Interestingly it triggers on different lines each time I run it. This is the latest:
Compilation Analysis: ================================================================================
Compilation Analysis: Compilation Cause
Compilation Analysis: most likely user code trying to access tensor value before mark_step
Compilation Analysis: Graph Info:
Compilation Analysis: Graph Hash: 507d309b2d23e1c0ff316e65fbb8d47a
Compilation Analysis: Number of Graph Inputs: 229
Compilation Analysis: Number of Graph Outputs: 1
Compilation Analysis: Python Frame Triggered Execution:
Compilation Analysis: _apply_rotary_emb_inplace (REDACTED/k-diffusion/k_diffusion/models/image_transformer_v2.py:196)
Compilation Analysis: _fn (REDACTED/.local/lib/python3.10/site-packages/torch/_dynamo/eval_frame.py:489)
Compilation Analysis: __call__ (REDACTED/k-diffusion/k_diffusion/models/flags.py:56)
Compilation Analysis: forward (REDACTED/k-diffusion/k_diffusion/models/image_transformer_v2.py:205)
Compilation Analysis: apply (REDACTED/.local/lib/python3.10/site-packages/torch/autograd/function.py:553)
Compilation Analysis: apply_rotary_emb_ (REDACTED/k-diffusion/k_diffusion/models/image_transformer_v2.py:222)
Compilation Analysis: forward (REDACTED/k-diffusion/k_diffusion/models/image_transformer_v2.py:380)
Compilation Analysis: _call_impl (REDACTED/.local/lib/python3.10/site-packages/torch/nn/modules/module.py:1520)
Compilation Analysis: ..........
Compilation Analysis: --------------------------------------------------------------------------------
Compilation Analysis: ================================================================================
Which is this line respectively: https://github.com/crowsonkb/k-diffusion/blob/master/k_diffusion/models/image_transformer_v2.py#L196
From what I can tell REDACTED/k-diffusion/k_diffusion/models/image_transformer_v2.py:196
this line trying to access the value of a torch_xla tensor before the execution.

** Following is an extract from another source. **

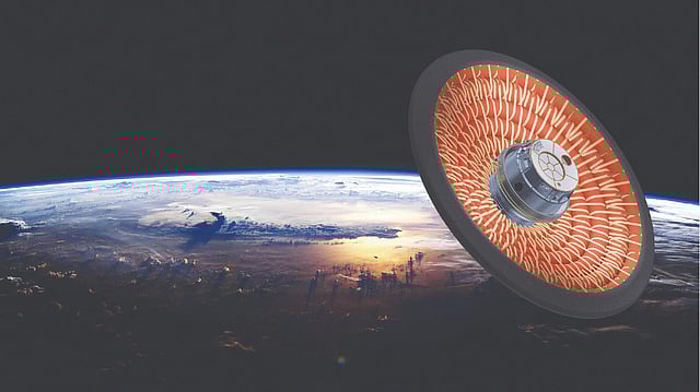 A more accurate description of the device might be that it is a saucer, 20 feet wide when inflated. It is made of layers of fabric that can survive falling into the atmosphere at 18,000 mph and temperatures close to 3,000 degrees Fahrenheit.

If you look at the output graph
Compilation Analysis: Number of Graph Inputs: 229
Compilation Analysis: Number of Graph Outputs: 1
it means it is trying to compute the value of one tensor... but this really confuse me since y1 = x1_ * cos - x2_ * sin
this doesn't seems like it is doing that.. I started to wondering if it is the way I grab the python frame is problematic somehow. If you enabled XLA_IR_DEBUG=1 XLA_HLO_DEBUG=1
and dump the HLO graph by XLA_IR_DEBUG=1 XLA_HLO_DEBUG=1 XLA_SAVE_TENSORS_FMT="hlo" XLA_SAVE_TENSORS_FILE="/tmp/save1.hlo"
. Can you find the graph with hash 507d309b2d23e1c0ff316e65fbb8d47a
(or whichever new hash might be) and share it here?